On the NP-Hardness Approximation Curve for Max-2Lin(2) (2408.04832v2)

Abstract: In the Max-2Lin(2) problem you are given a system of equations on the form $x_i + x_j \equiv b \pmod{2}$, and your objective is to find an assignment that satisfies as many equations as possible. Let $c \in [0.5, 1]$ denote the maximum fraction of satisfiable equations. In this paper we construct a curve $s (c)$ such that it is NP-hard to find a solution satisfying at least a fraction $s$ of equations. This curve either matches or improves all of the previously known inapproximability NP-hardness results for Max-2Lin(2).
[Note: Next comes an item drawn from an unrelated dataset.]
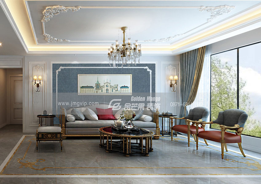 設(shè)計布局上沒有絲毫的掩飾,不論是大方的落地窗簾,還是頂上精美的雕花,亦或是晶瑩碧透的地磚等等,都在流露著豪華和優(yōu)雅。背景墻也和窗簾交相呼應(yīng)。雕刻精細的沙發(fā)和椅子,高貴典雅。
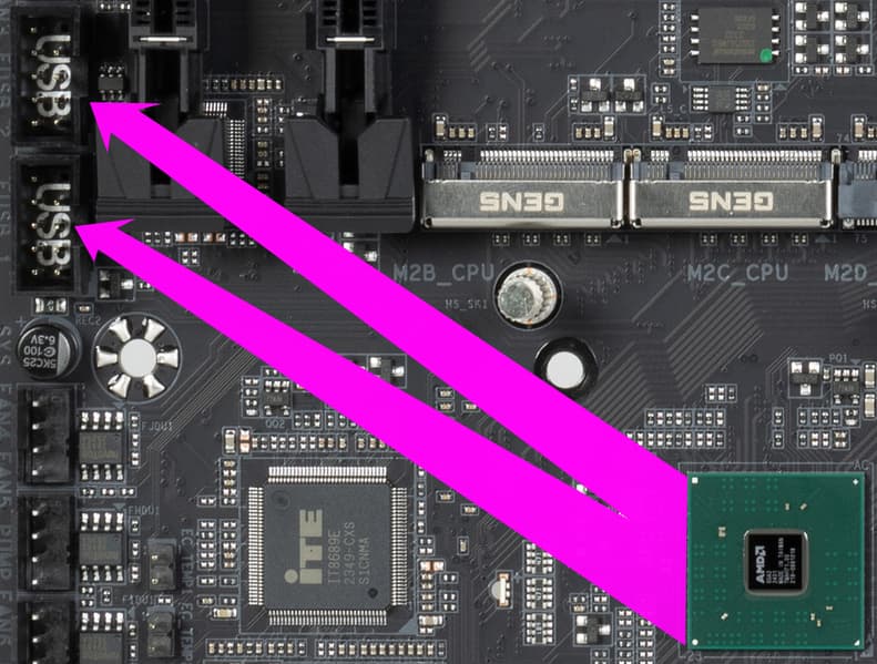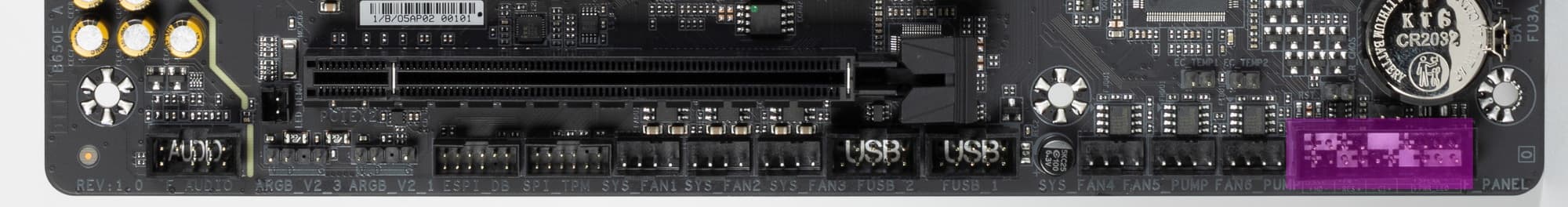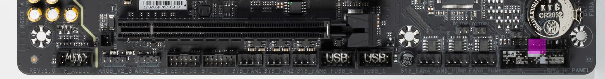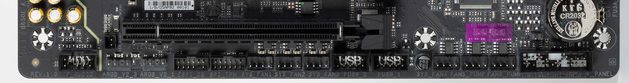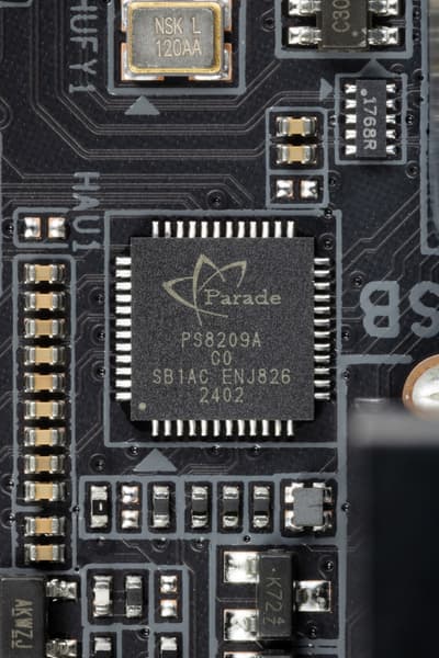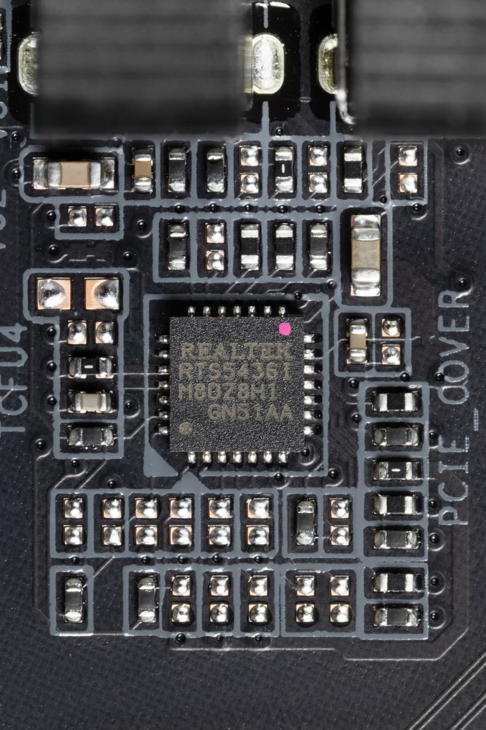 В процессорах Ryzen встроен контроллер High Definition Audio (HDA), связь с аудиокодеком идет путем эмуляции PCI шины. А также контроллер USB 2.0 Genesys Logic GL850G использует линию USB 2.0 от CPU, а Realtek RTS5411 использует 1 линию USB 3.2 Gen1 от B650E (детали ниже в разделе USB портов).

In particular, we show that if $c \geqslant 0.9232$ then $\frac{1 - s (c)}{1 - c} > 1.48969$, which improves the NP-hardness inapproximability constant for the min deletion version of Max-2Lin(2). Our work complements the work of O'Donnell and Wu that studied the same question assuming the Unique Games Conjecture. Similar to earlier inapproximability results for Max-2Lin(2), we use a gadget reduction from the $(2^k - 1)$-ary Hadamard predicate. Previous works used $k$ ranging from $2$ to $4$. Our main result is a procedure for taking a gadget for some fixed $k$, and use it as a building block to construct better and better gadgets as $k$ tends to infinity. Our method can be used to boost the result of both smaller gadgets created by hand $(k = 3)$ or larger gadgets constructed using a computer $(k = 4)$.